United States District Court, D. Nebraska

February 5, 2019

JENNIFER FRY, Plaintiff,
v.
DOANE UNIVERSITY, a non-profit corporation, INTERCHURCH MINISTRIES OF NEBRASKA, a non-profit corporation, NEBRASKA STATE SUICIDE PREVENTION COALITION, a non-profit corporation, and DONALD BELAU, Defendants.

          MEMORANDUM AND ORDER

          S/ RICHARD G. KOPF SENIOR UNITED STATES DISTRICT JUDGE

         Plaintiff's Complaint in this removed action, filed on October 19, 2018, alleges the following Causes of Action: (1) Title IX of the Education Amendments Act of 1972; (2) Retaliation under Title IX of the Education Amendments Act of 1972; (3) Nebraska Fair Employment Practice Act (“NFEPA”); (4) Violation of Public Policy under Nebraska law; (5) Title VII of the Civil Rights Act; (6) Infliction of Emotional Distress; (7) Negligent Supervision, Training, and Retention; (8) Assault; (9) Defamation; and (10) Tortious Interference With Employment Relationship. (Filing No. 1-1.)
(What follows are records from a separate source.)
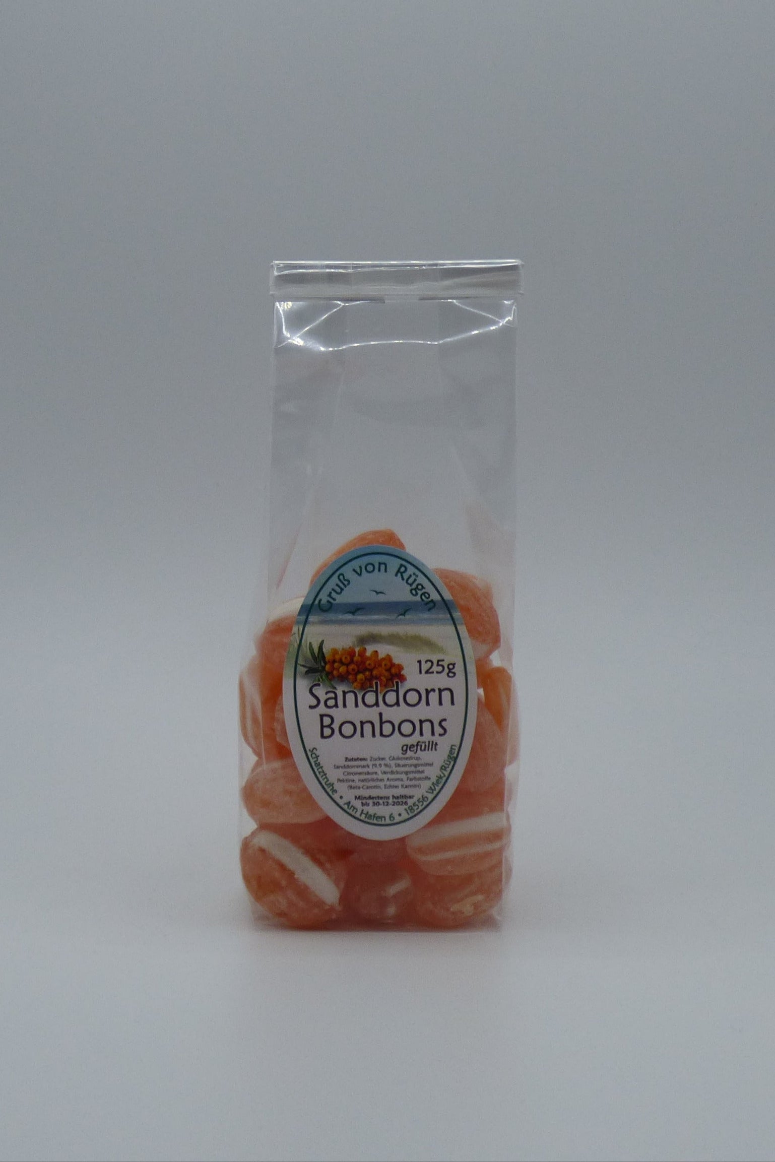 Zutaten: Zucker, Glukosesirup, Sanddornmark (9,9 %), Säurungsmittel Citronsäure, Verdickungsmittel Pektine, natürliches Aroma, Farbstoffe (Beta-Carotin, Echtes Karmin)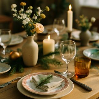 - Couronne centrale : Tressez des branches de sapin, d’eucalyptus ou de lierre et glissez-y des petites lampes micro-LED. La couronne devient centre de table vivant, à ajuster selon la longueur et la largeur du repas.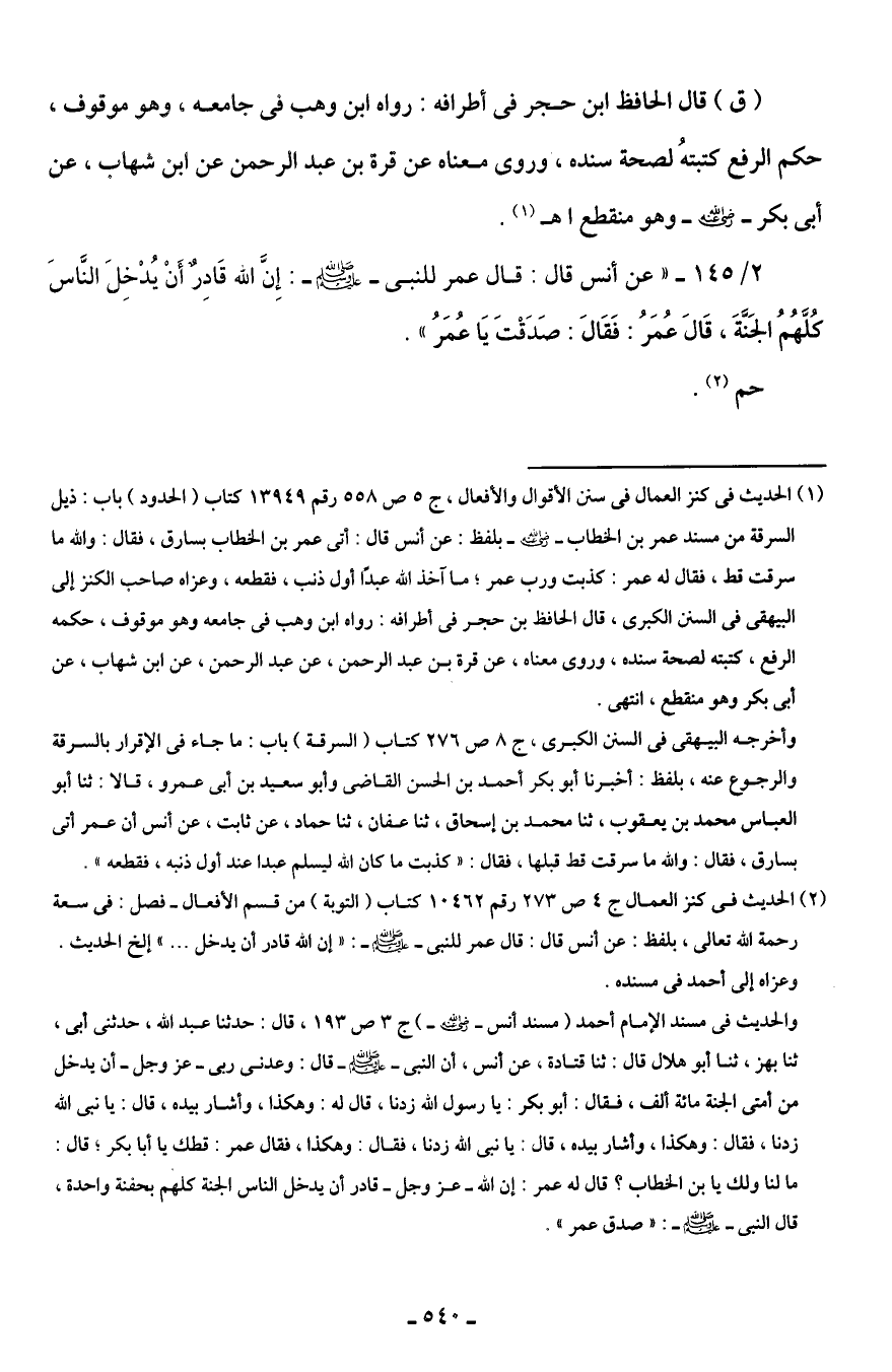 2/ 145 - "عن أنس قال: قال عمر للنبى - صلى الله عليه وسلم -: إِنَّ الله قَادِرٌ أَنْ يُدْخِلَ النَّاسَ كُلَّهُمُ الجَنَّةَ، قَالَ عُمَرُ: فَقَالَ: صَدَقْتَ يَا عُمَرُ".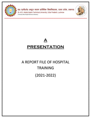 The document is a report on hospital training conducted by Akarshit Prajapati at Dr. Om Prakash School of Pharmacy. It includes a certificate, declaration, acknowledgements and lists of contents. The report summarizes the objectives of hospital training and provides details about the different departments in the hospital including OPD, emergency ward, general ward, surgical ward, pathology, injection room and patient observation charts. It describes the aims, skills and procedures for treating common medical emergencies as part of first aid training in the emergency ward.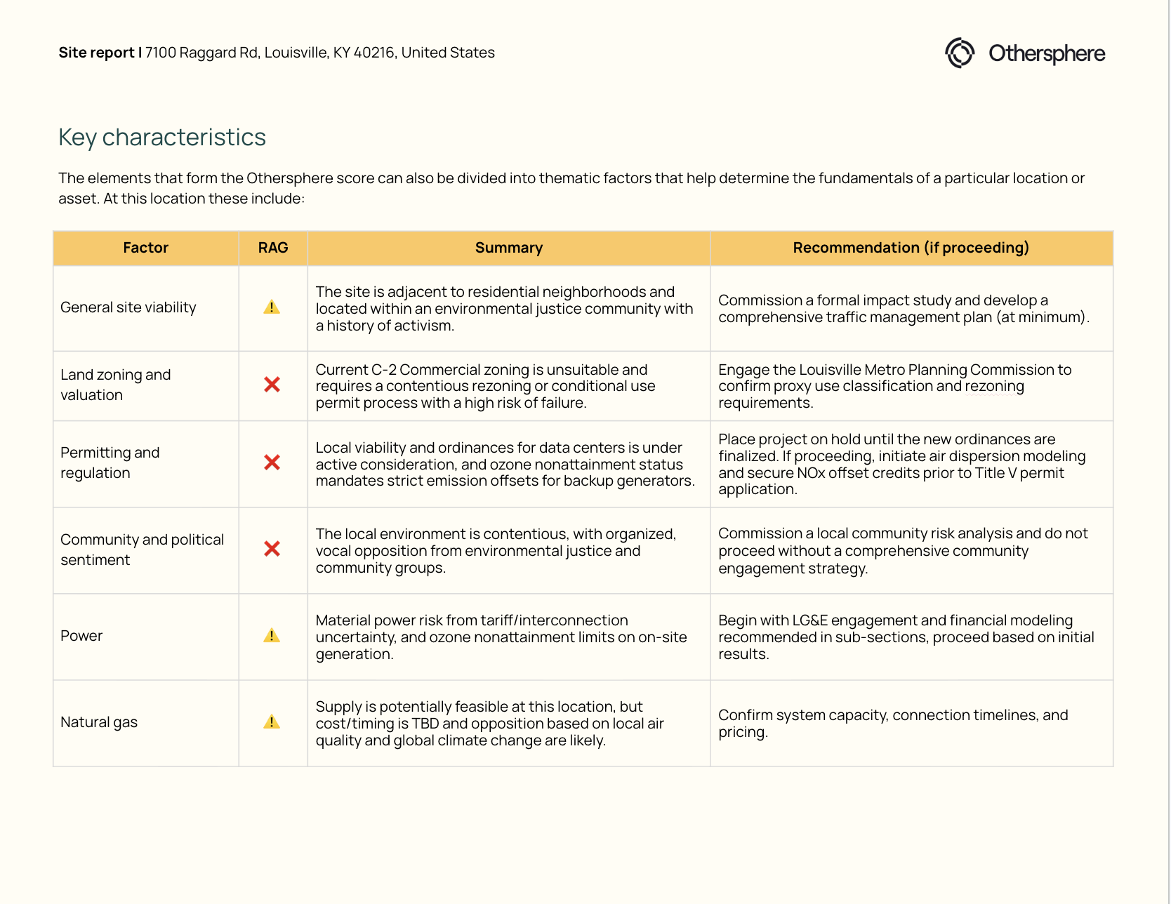 Review details on known sites, or search based on location-specific characteristics and scores. Aggregate results to vet regions or company portfolios.

         On November 26, 2018, Defendants Donald Belau and the Nebraska State Suicide Prevention Coalition answered Plaintiff's Complaint (Filing Nos. 15, 16), and Defendant Doane University moved to dismiss Plaintiff's Third (NFEPA) and Fifth (Title VII) Causes of Action pursuant to Fed.R.Civ.P. 12(b)(1) and 12(b)(6) (Filing No. 17). Despite the filing of its Motion to Dismiss, Doane University filed an Answer (Filing No. 21) to Plaintiff's Complaint because “the other causes of action alleged in Plaintiff's Complaint are distinct from the Third and Fifth Causes of Action that are subject to the Motion to Dismiss” and because Doane wished to “move along the proceedings, and start discovery.” (Filing No. 19 ¶¶ 3, 5.)

         On December 24, 2018, Plaintiff filed a Motion for Partial Dismissal (Filing No. 24) of her Third and Fifth Causes of Action without prejudice, stating that Plaintiff “voluntarily dismisses the Causes of Action that are the subject matter of Defendant Doane University's Motion to Dismiss.” None of the Defendants responded to Plaintiff's Motion.
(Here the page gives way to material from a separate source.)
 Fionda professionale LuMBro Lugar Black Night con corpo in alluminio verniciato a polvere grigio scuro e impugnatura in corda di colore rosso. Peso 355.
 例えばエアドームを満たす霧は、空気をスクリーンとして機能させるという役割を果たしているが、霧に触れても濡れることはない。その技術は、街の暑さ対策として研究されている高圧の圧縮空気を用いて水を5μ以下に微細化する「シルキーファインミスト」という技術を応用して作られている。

         While Plaintiff fails to state the grounds on which she moves to “voluntarily dismiss” her Third and Fifth Causes of Action, she may be relying upon Fed.R.Civ.P. 41, which covers “voluntary dismissal.” However, that rule applies only to dismissal of entire “actions, ” not individual claims. If a plaintiff wishes to dismiss some-but not all-of her claims, she should instead move to amend her complaint under Fed.R.Civ.P. 15. See PTA-FLA, Inc. v. ZTE USA, Inc., 844 F.3d 1299, 1307 (11th Cir. 2016) (“A district court cannot dismiss some claims while leaving others pending.”); Taylor v. Brown, 787 F.3d 851, 857-58 (7th Cir. 2015) (voluntary dismissal under Fed.R.Civ.P. 41(a)(2) allows plaintiff to dismiss an “action, ” not a claim; when plaintiff seeks to dismiss fewer than all claims, plaintiff should instead seek to amend complaint under Fed.R.Civ.P. 15(a)); Bailey v. Shell W. E&P, Inc., 609 F.3d 710, 720 (5th Cir. 2010) (“Rule 41(a) dismissal only applies to the dismissal of an entire action-not particular claims.”); Planned Parenthood Minnesota, N.D. v. Daugaard, 946 F.Supp.2d 913, 917 (D.S.D. 2013) (plaintiff's motion to dismiss two claims without prejudice should be construed as a Fed.R.Civ.P. 15 motion to amend complaint rather than a Fed.R.Civ.P. 41(a) motion for voluntary dismissal); Envtl. Dynamics, Inc. v. Robert Tyer & Assocs., Inc., 929 F.Supp. 1212, 1227-28 (N.D. Iowa 1996) (citations omitted) (“[Plaintiff's] motions for partial summary judgment ‘dismissing' some, but not all, of its claims . . . must be construed as having been brought not pursuant to Fed.R.Civ.P. 41(a)(2), but pursuant to Fed.R.Civ.P. 15.”); 9 Charles Alan Wright, Arthur R. Miller & Mary Kay Kane, Federal Practice and Procedure § 2362 (3d ed. 2018) (footnotes omitted) (emphasis added) (“[W]hen multiple claims are filed against a single defendant, Rule 41(a) is applicable only to the voluntary dismissal of all the claims in an action. A plaintiff who wishes to drop some claims but not others should do so by amending his complaint pursuant to Rule 15.”). But see Ampleman v. Trans States Airlines, Inc., 204 F.R.D. 437, 439 (E.D. Mo. 2001) (plaintiff's motion to dismiss two claims granted when defendant did not oppose motion, parties had not filed dispositive motions on such claims, and dismissal would prevent inefficient use of judicial resources).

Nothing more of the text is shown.